===== DATASET CONTENT =====
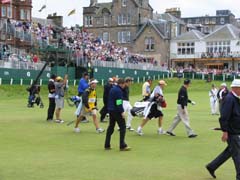 Luke Donald (hvit bukse) under Jack Nicklaus siste Open i 2005. Oppe til
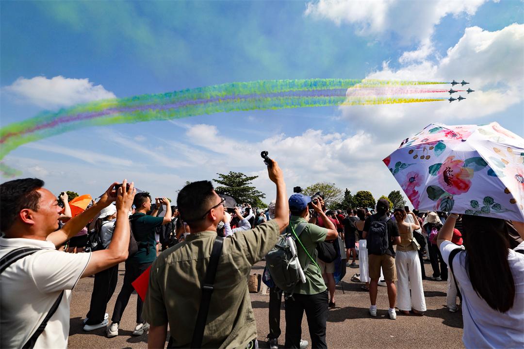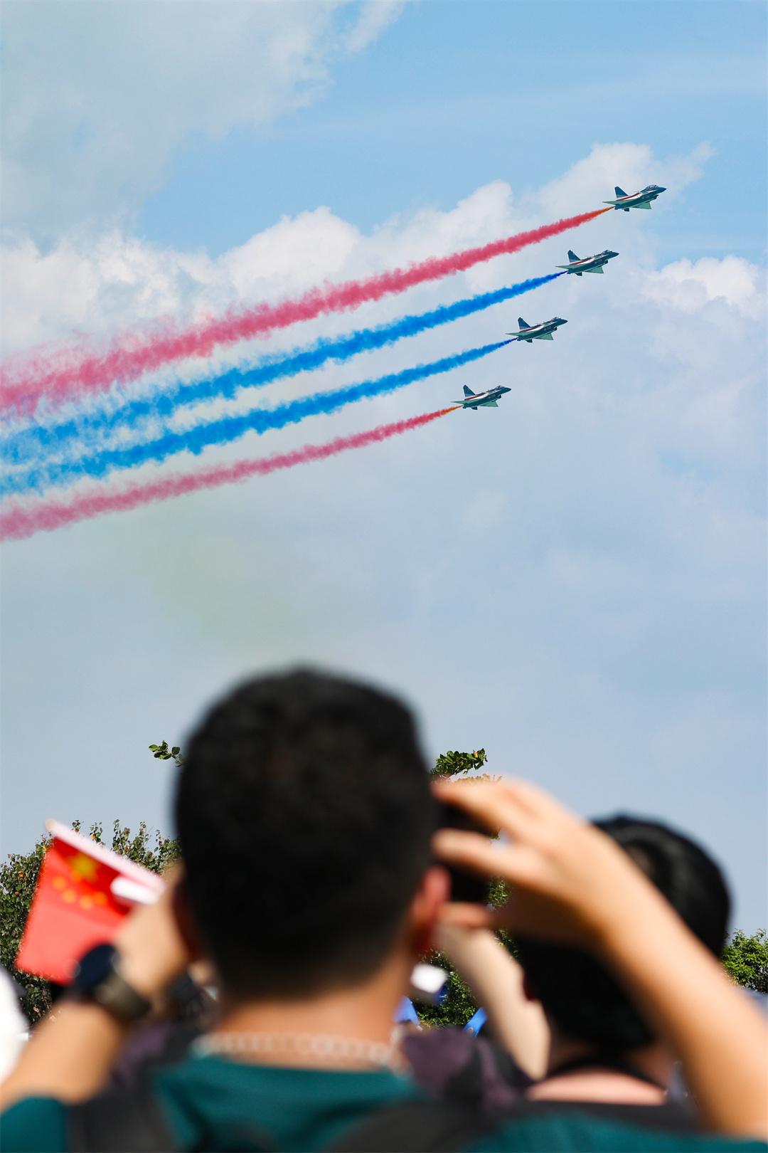 隨后,六機(jī)、五機(jī)、四機(jī)、單機(jī)等一系列高難度動(dòng)作連貫呈現(xiàn),每一次翻轉(zhuǎn)、每一處銜接、每一個(gè)姿態(tài)都精準(zhǔn)利落、一氣呵成,充分展現(xiàn)飛行員精湛的飛行技術(shù)和戰(zhàn)機(jī)優(yōu)異性能,引得現(xiàn)場觀眾陣陣歡呼。
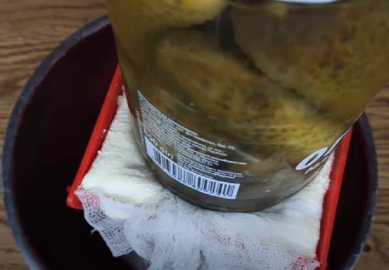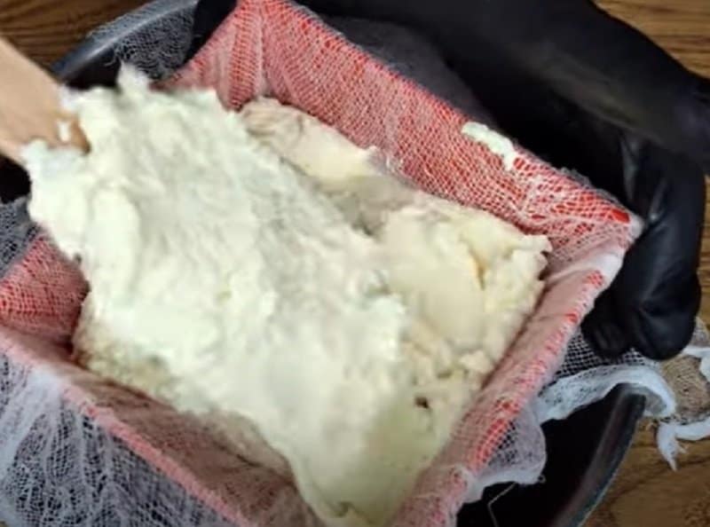 Накривай верх пасочки марлею. Зверху на пасху потрібно розмістити будь-яку поверхню (наприклад, тарілку) та грузик (я використовую баночку з огірками). Під гнітом паска повинна бути в холодильнику більше 10 годин. Не забувай періодично зливати сироватку.
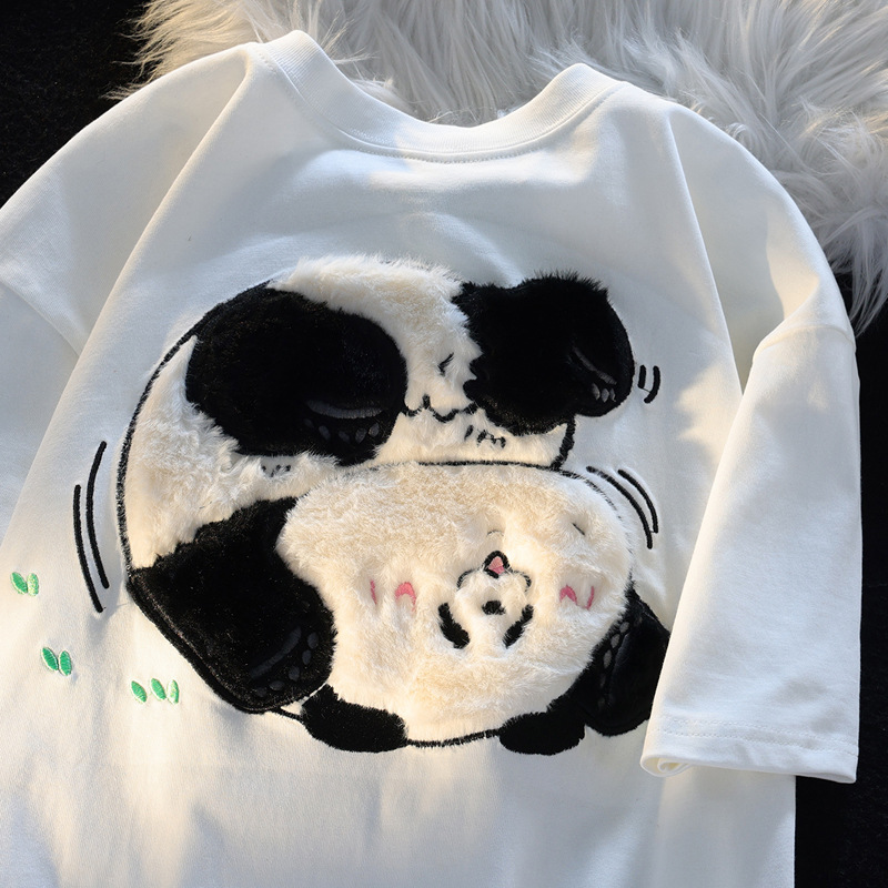 国潮牌oversize植绒可爱熊猫短袖T恤男女小众设计感别致chic情侣
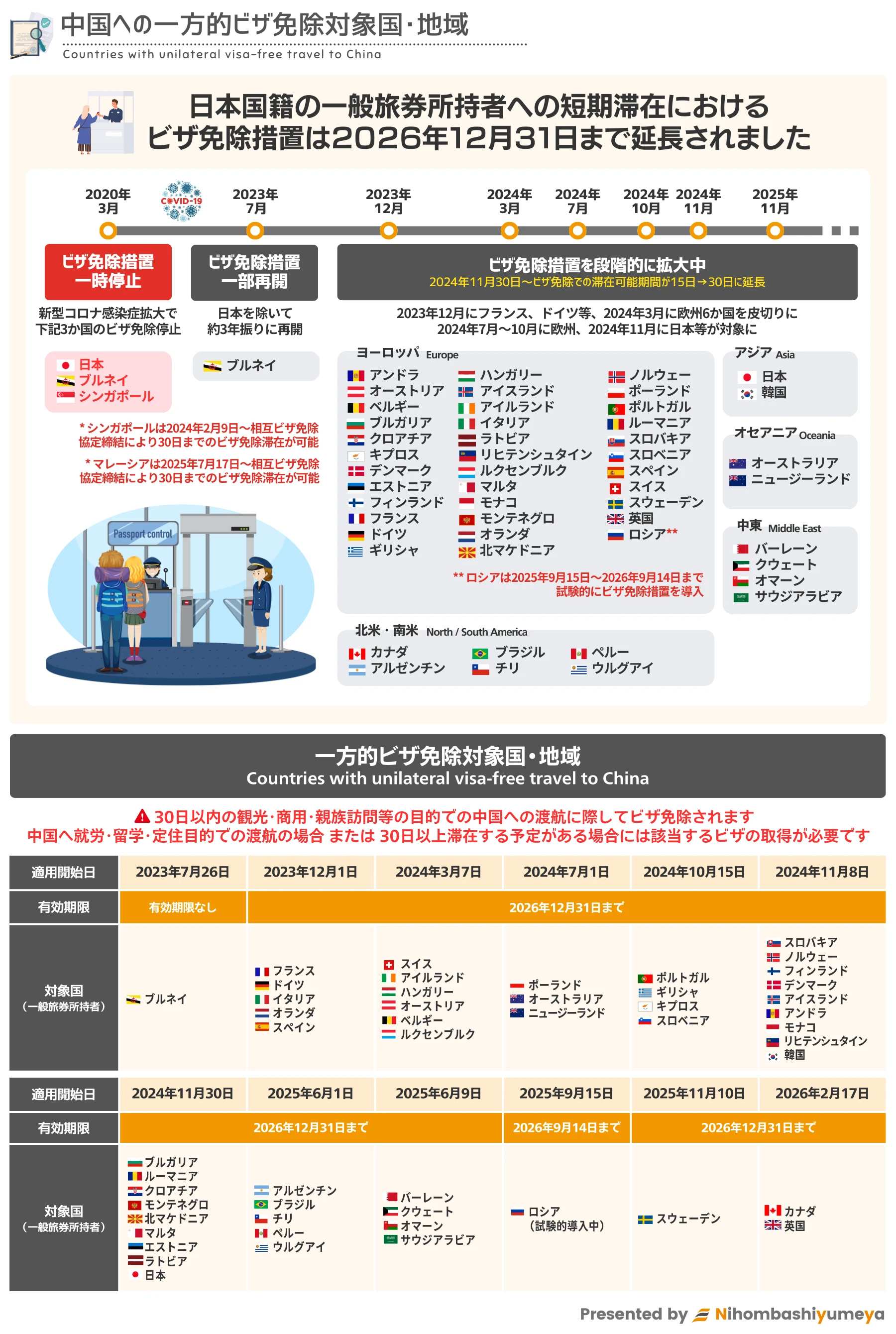- 2025.11.03 日本など45カ国のビザ免除措置を2026年末まで延長
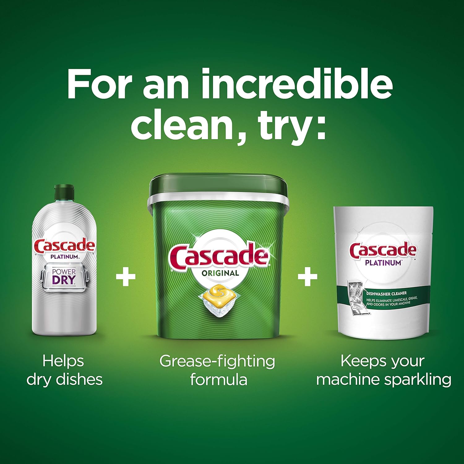 Cascade Original ActionPacs dishwasher detergent gives you a citrusy lemon scent, while cleaning tough, burnt and stuck-on messes in a single wash with one easy-to-use pac. And it’s formulated with the grease-fighting power of Dawn to leave your dishes virtually spotless. You got dirty dishes? We got this.
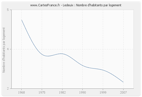 - Nombre d'habitants moyen par logement de Ledeuix en 1968 : 4,61
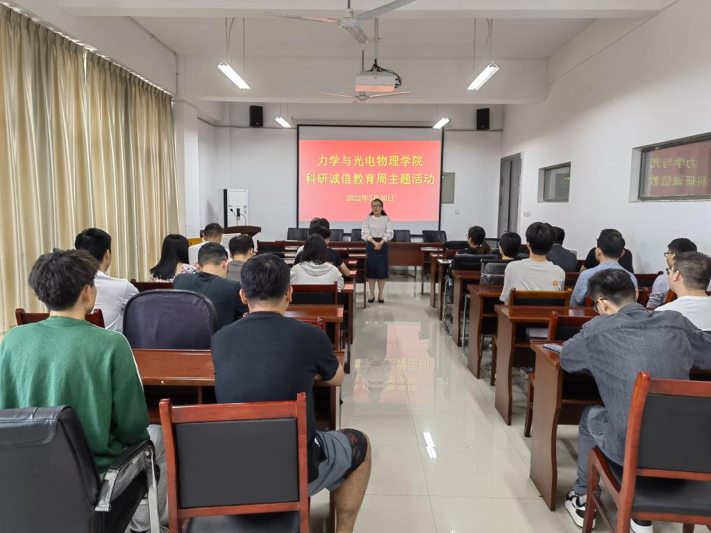 为加强科研诚信建设,严明学术纪律,规范学术行为,引导广大师生遵守学术规范、坚守学术诚信,营造风清气正、求真务实、开拓创新的学术氛围,落实安徽理工大学学风建设精神要求,37000cm威尼斯于5月30日上午在院报告厅和线上同步组织开展“弘扬科学精神、树立学者品格”科研诚信教育主题活动。学院党委书记刘艳、部分教师和全体研究生参加了线下活动 ,本次活动由副院长高娟主持。
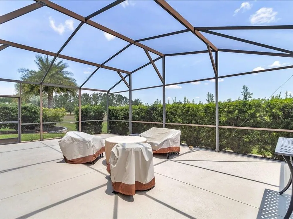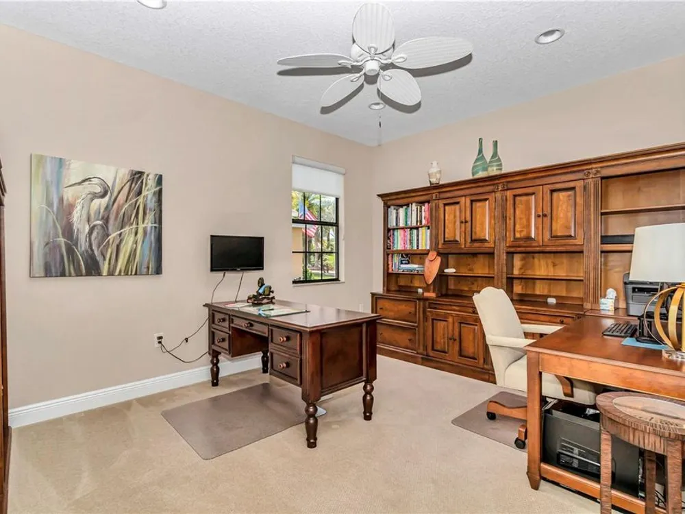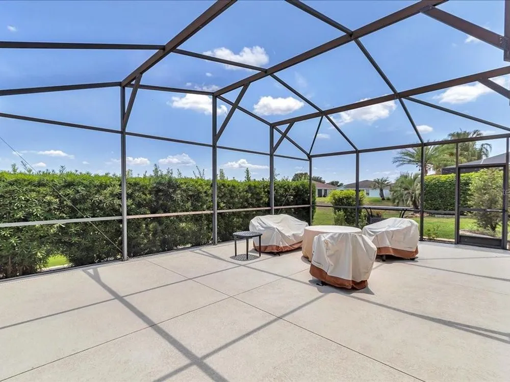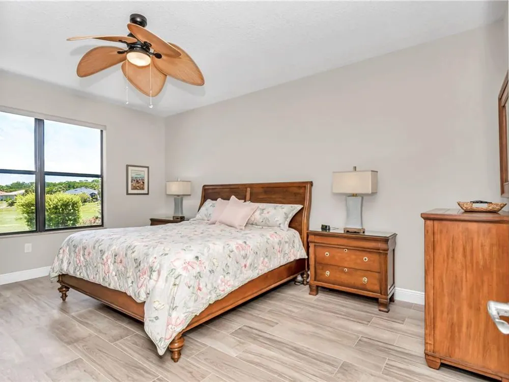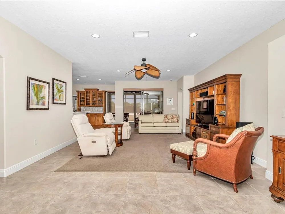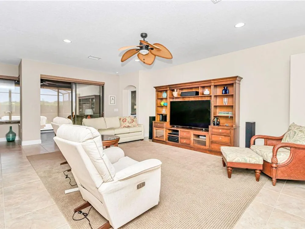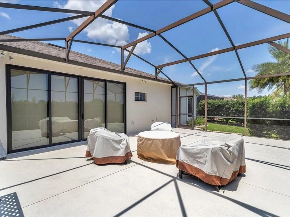 Seller Offering $10,000 in Buyer Advantages! Move right in and enjoy this thoughtfully expanded Jacaranda model, featuring 4 bedrooms, 3 bathrooms, and two versatile bonus rooms ideal for an office, hobby space, guest room, or extra living area. Designed and built by its original owner with a widened footprint for added comfort, this home is tucked away on a peaceful cul-de-sac for extra privacy. The chef’s kitchen shines with a premium Thermador gas range, custom cabinetry, granite countertops, and a walk-in pantry. The open living and dining areas flow beautifully to an expansive screened lanai, perfect for entertaining or relaxing year-round. One wing offers a spacious private room large enough to serve as a true in law suite or multi-generational retreat. A separate bonus room includes a built in Murphy bed, making it an ideal flex space for guests or hobbies. The garage is widened by 5 feet, extended 8 feet deep, and includes a dedicated golf cart bay, providing exceptional storage and functionality. Upgrades include a new roof (2024), HVAC (2022), fresh interior paint, custom closet systems, solar attic fans, and lush tropical landscaping. Enjoy the resort-style 55+ community amenities like a sparkling pool, pickleball, spa, fitness center, social events, and a brand new on site restaurant. HOA fees include internet, cable, lawn care & more, creating a true low-maintenance lifestyle.
=====
Strip out the pictures and quote the remaining data word for word.

 Luke Donald (hvit bukse) under Jack Nicklaus siste Open i 2005. Oppe til
 隨后,六機(jī)、五機(jī)、四機(jī)、單機(jī)等一系列高難度動(dòng)作連貫呈現(xiàn),每一次翻轉(zhuǎn)、每一處銜接、每一個(gè)姿態(tài)都精準(zhǔn)利落、一氣呵成,充分展現(xiàn)飛行員精湛的飛行技術(shù)和戰(zhàn)機(jī)優(yōu)異性能,引得現(xiàn)場觀眾陣陣歡呼。
 Накривай верх пасочки марлею. Зверху на пасху потрібно розмістити будь-яку поверхню (наприклад, тарілку) та грузик (я використовую баночку з огірками). Під гнітом паска повинна бути в холодильнику більше 10 годин. Не забувай періодично зливати сироватку.
 国潮牌oversize植绒可爱熊猫短袖T恤男女小众设计感别致chic情侣
- 2025.11.03 日本など45カ国のビザ免除措置を2026年末まで延長
 Cascade Original ActionPacs dishwasher detergent gives you a citrusy lemon scent, while cleaning tough, burnt and stuck-on messes in a single wash with one easy-to-use pac. And it’s formulated with the grease-fighting power of Dawn to leave your dishes virtually spotless. You got dirty dishes? We got this.
 - Nombre d'habitants moyen par logement de Ledeuix en 1968 : 4,61
 为加强科研诚信建设,严明学术纪律,规范学术行为,引导广大师生遵守学术规范、坚守学术诚信,营造风清气正、求真务实、开拓创新的学术氛围,落实安徽理工大学学风建设精神要求,37000cm威尼斯于5月30日上午在院报告厅和线上同步组织开展“弘扬科学精神、树立学者品格”科研诚信教育主题活动。学院党委书记刘艳、部分教师和全体研究生参加了线下活动 ,本次活动由副院长高娟主持。
 Seller Offering $10,000 in Buyer Advantages! Move right in and enjoy this thoughtfully expanded Jacaranda model, featuring 4 bedrooms, 3 bathrooms, and two versatile bonus rooms ideal for an office, hobby space, guest room, or extra living area. Designed and built by its original owner with a widened footprint for added comfort, this home is tucked away on a peaceful cul-de-sac for extra privacy. The chef’s kitchen shines with a premium Thermador gas range, custom cabinetry, granite countertops, and a walk-in pantry. The open living and dining areas flow beautifully to an expansive screened lanai, perfect for entertaining or relaxing year-round. One wing offers a spacious private room large enough to serve as a true in law suite or multi-generational retreat. A separate bonus room includes a built in Murphy bed, making it an ideal flex space for guests or hobbies. The garage is widened by 5 feet, extended 8 feet deep, and includes a dedicated golf cart bay, providing exceptional storage and functionality. Upgrades include a new roof (2024), HVAC (2022), fresh interior paint, custom closet systems, solar attic fans, and lush tropical landscaping. Enjoy the resort-style 55+ community amenities like a sparkling pool, pickleball, spa, fitness center, social events, and a brand new on site restaurant. HOA fees include internet, cable, lawn care & more, creating a true low-maintenance lifestyle.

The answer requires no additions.